Top of Provided data

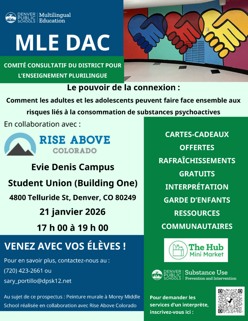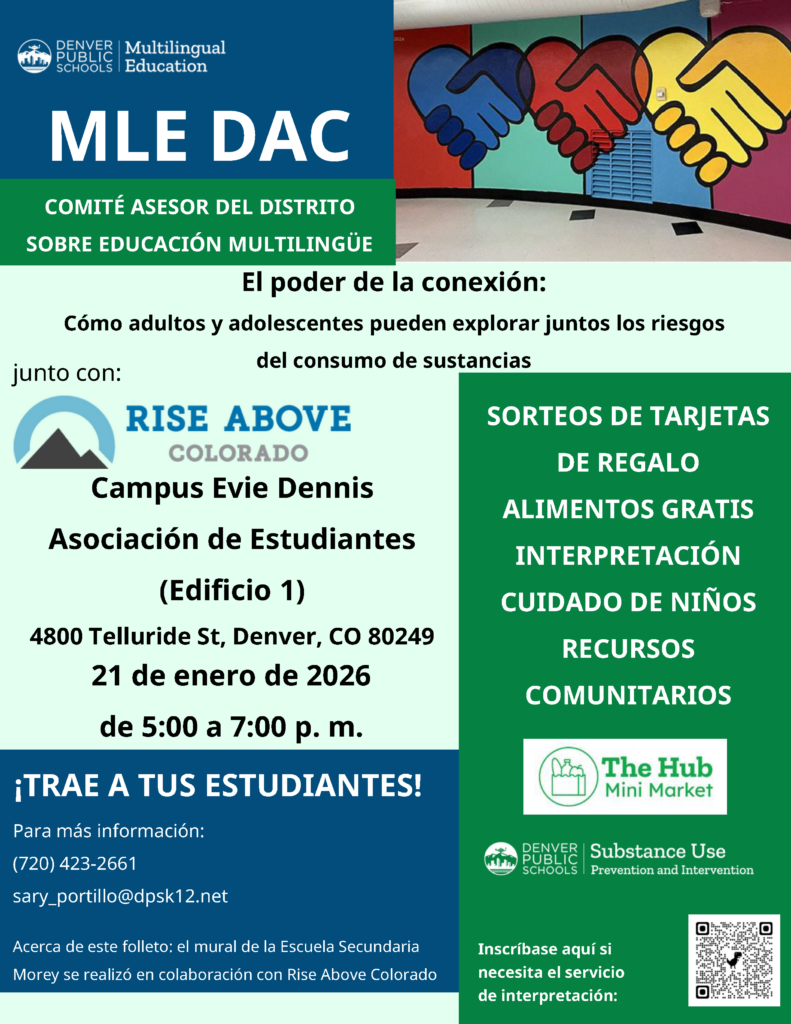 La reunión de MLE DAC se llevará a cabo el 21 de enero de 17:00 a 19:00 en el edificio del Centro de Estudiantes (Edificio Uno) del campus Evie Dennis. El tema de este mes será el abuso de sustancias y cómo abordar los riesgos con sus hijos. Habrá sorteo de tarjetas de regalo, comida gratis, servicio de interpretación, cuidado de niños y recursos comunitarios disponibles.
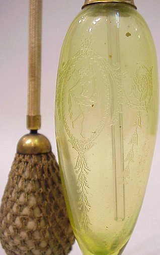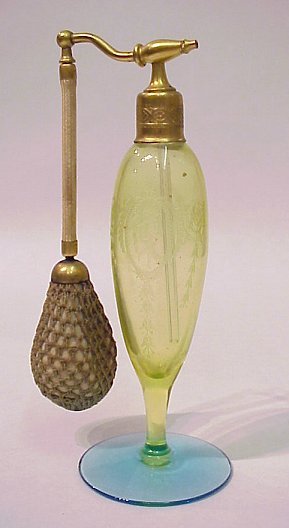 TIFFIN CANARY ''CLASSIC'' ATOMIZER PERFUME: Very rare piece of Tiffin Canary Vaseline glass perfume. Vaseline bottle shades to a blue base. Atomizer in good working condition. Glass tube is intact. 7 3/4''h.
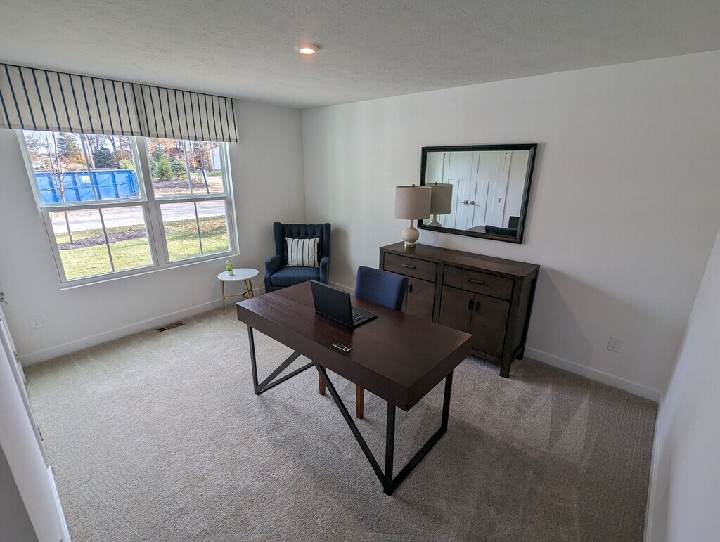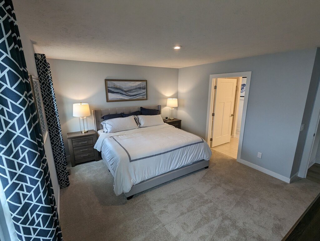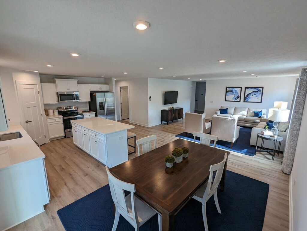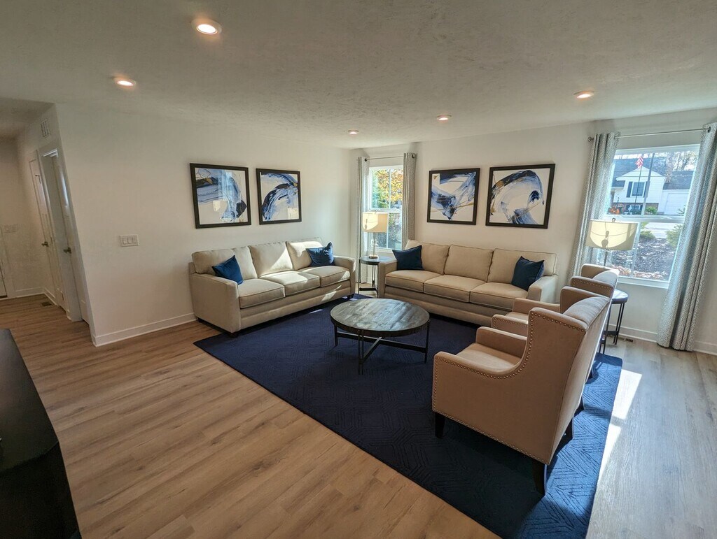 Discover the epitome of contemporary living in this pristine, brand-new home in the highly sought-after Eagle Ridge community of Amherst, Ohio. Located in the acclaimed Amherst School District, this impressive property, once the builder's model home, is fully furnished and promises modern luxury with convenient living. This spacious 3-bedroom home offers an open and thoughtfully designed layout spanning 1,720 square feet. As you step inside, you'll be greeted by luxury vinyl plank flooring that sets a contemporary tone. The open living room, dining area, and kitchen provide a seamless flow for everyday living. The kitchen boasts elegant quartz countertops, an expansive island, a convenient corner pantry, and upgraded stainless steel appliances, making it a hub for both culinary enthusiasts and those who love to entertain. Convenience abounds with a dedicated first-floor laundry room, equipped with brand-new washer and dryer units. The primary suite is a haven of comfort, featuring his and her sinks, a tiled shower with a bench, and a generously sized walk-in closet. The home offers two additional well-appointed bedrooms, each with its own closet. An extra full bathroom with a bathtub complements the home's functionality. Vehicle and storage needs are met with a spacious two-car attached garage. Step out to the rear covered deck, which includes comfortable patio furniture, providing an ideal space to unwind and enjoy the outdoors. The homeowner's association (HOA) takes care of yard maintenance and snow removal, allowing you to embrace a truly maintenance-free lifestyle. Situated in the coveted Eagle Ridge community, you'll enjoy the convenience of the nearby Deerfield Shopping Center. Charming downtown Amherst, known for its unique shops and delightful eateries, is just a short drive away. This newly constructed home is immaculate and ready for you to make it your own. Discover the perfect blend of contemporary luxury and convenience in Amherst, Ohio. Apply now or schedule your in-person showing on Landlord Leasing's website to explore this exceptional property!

Bottom of Provided data
Top of Provided data

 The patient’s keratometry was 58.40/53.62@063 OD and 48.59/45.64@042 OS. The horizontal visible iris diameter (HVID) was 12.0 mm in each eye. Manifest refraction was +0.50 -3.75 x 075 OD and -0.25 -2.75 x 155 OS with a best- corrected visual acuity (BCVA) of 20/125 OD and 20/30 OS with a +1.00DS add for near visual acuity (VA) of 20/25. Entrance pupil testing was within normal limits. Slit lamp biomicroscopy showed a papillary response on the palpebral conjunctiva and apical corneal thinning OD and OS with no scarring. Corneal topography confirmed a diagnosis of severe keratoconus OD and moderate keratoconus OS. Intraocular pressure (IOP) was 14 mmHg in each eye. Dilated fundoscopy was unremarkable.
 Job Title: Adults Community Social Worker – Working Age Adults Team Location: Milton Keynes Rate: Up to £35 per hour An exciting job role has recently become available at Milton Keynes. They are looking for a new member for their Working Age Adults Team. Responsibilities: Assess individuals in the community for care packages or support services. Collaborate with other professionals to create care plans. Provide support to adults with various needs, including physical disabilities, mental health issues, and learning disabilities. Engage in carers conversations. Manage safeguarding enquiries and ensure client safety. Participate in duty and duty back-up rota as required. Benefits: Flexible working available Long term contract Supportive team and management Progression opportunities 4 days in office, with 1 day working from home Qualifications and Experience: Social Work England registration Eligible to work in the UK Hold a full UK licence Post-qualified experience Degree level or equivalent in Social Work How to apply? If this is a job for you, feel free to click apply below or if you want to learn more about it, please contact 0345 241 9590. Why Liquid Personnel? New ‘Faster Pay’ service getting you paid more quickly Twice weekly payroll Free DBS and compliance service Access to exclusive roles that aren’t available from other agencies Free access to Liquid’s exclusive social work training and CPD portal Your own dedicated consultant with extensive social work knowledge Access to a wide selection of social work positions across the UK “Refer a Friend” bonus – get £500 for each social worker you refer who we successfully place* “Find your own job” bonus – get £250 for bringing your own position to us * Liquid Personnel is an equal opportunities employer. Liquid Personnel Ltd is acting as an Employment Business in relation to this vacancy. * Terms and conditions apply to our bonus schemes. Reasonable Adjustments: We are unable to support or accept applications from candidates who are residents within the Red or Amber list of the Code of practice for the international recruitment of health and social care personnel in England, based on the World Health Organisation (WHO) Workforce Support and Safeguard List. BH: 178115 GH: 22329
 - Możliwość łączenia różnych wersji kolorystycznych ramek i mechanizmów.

Bottom of Provided data

> [Work instructions]:
Reproduce the data above exactly, but only from the line containing "La reunión de" through the line containing "TIFFIN CANARY ''CLASSIC''". Omit all pictures.

> [Solution to this task]:
 La reunión de MLE DAC se llevará a cabo el 21 de enero de 17:00 a 19:00 en el edificio del Centro de Estudiantes (Edificio Uno) del campus Evie Dennis. El tema de este mes será el abuso de sustancias y cómo abordar los riesgos con sus hijos. Habrá sorteo de tarjetas de regalo, comida gratis, servicio de interpretación, cuidado de niños y recursos comunitarios disponibles.
 TIFFIN CANARY ''CLASSIC'' ATOMIZER PERFUME: Very rare piece of Tiffin Canary Vaseline glass perfume. Vaseline bottle shades to a blue base. Atomizer in good working condition. Glass tube is intact. 7 3/4''h.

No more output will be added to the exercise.